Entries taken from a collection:
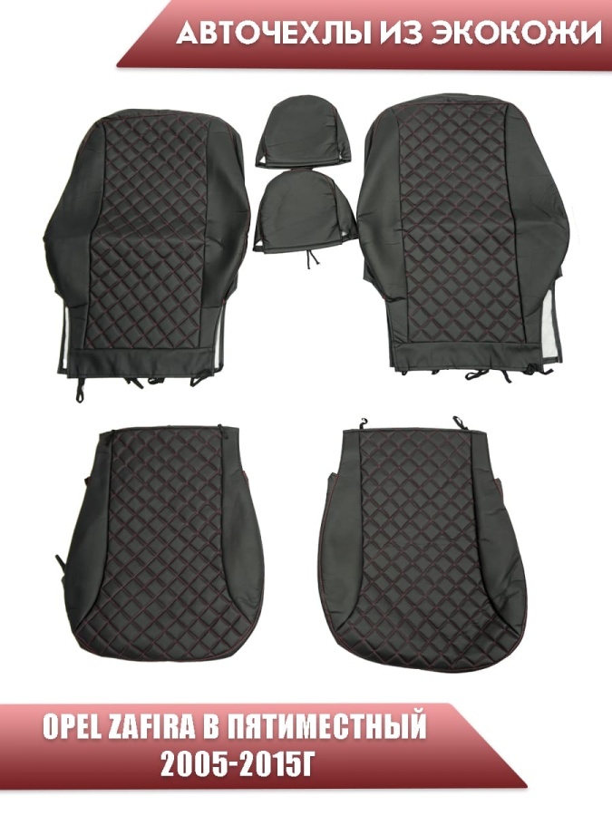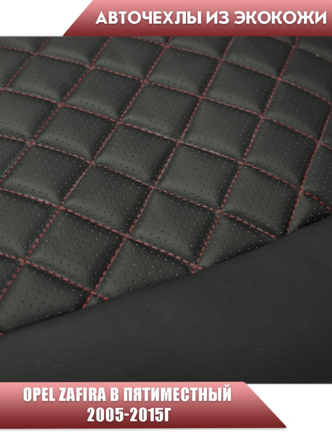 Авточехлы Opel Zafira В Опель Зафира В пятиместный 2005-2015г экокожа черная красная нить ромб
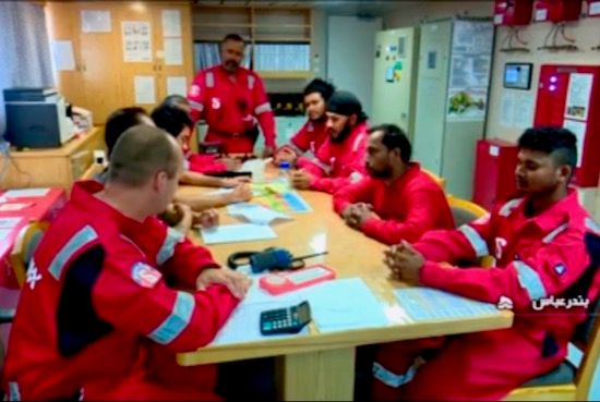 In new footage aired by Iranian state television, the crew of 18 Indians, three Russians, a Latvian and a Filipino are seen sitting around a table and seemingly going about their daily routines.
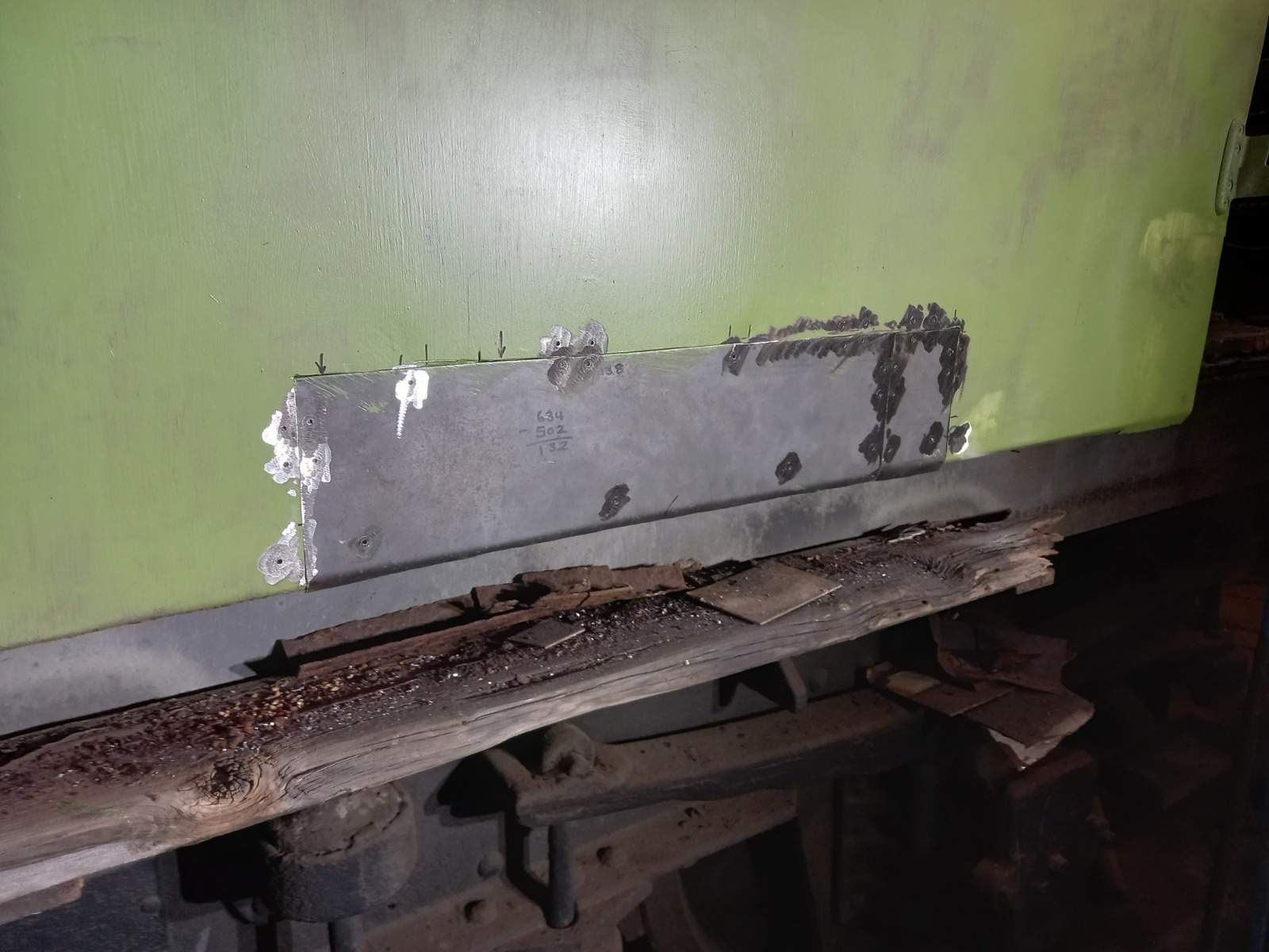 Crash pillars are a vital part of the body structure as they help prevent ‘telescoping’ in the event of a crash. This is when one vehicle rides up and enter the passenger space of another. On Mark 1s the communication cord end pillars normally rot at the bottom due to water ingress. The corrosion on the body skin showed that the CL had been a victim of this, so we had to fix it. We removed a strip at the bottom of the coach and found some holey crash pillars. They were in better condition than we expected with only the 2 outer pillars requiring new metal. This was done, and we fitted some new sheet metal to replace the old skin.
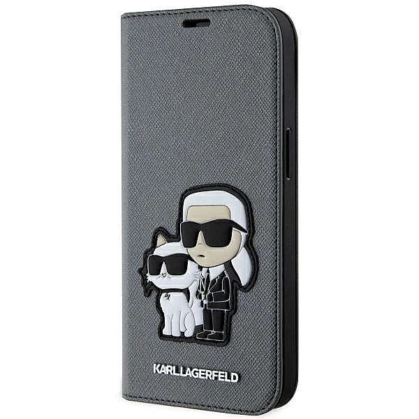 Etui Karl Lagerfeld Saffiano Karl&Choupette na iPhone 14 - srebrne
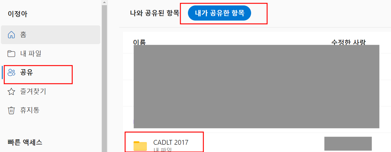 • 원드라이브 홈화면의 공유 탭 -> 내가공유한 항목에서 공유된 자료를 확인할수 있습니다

## Try it
Return every record above exactly as written, but drop the pictures.

## Response area
 Авточехлы Opel Zafira В Опель Зафира В пятиместный 2005-2015г экокожа черная красная нить ромб
 In new footage aired by Iranian state television, the crew of 18 Indians, three Russians, a Latvian and a Filipino are seen sitting around a table and seemingly going about their daily routines.
 Crash pillars are a vital part of the body structure as they help prevent ‘telescoping’ in the event of a crash. This is when one vehicle rides up and enter the passenger space of another. On Mark 1s the communication cord end pillars normally rot at the bottom due to water ingress. The corrosion on the body skin showed that the CL had been a victim of this, so we had to fix it. We removed a strip at the bottom of the coach and found some holey crash pillars. They were in better condition than we expected with only the 2 outer pillars requiring new metal. This was done, and we fitted some new sheet metal to replace the old skin.
 Etui Karl Lagerfeld Saffiano Karl&Choupette na iPhone 14 - srebrne
 • 원드라이브 홈화면의 공유 탭 -> 내가공유한 항목에서 공유된 자료를 확인할수 있습니다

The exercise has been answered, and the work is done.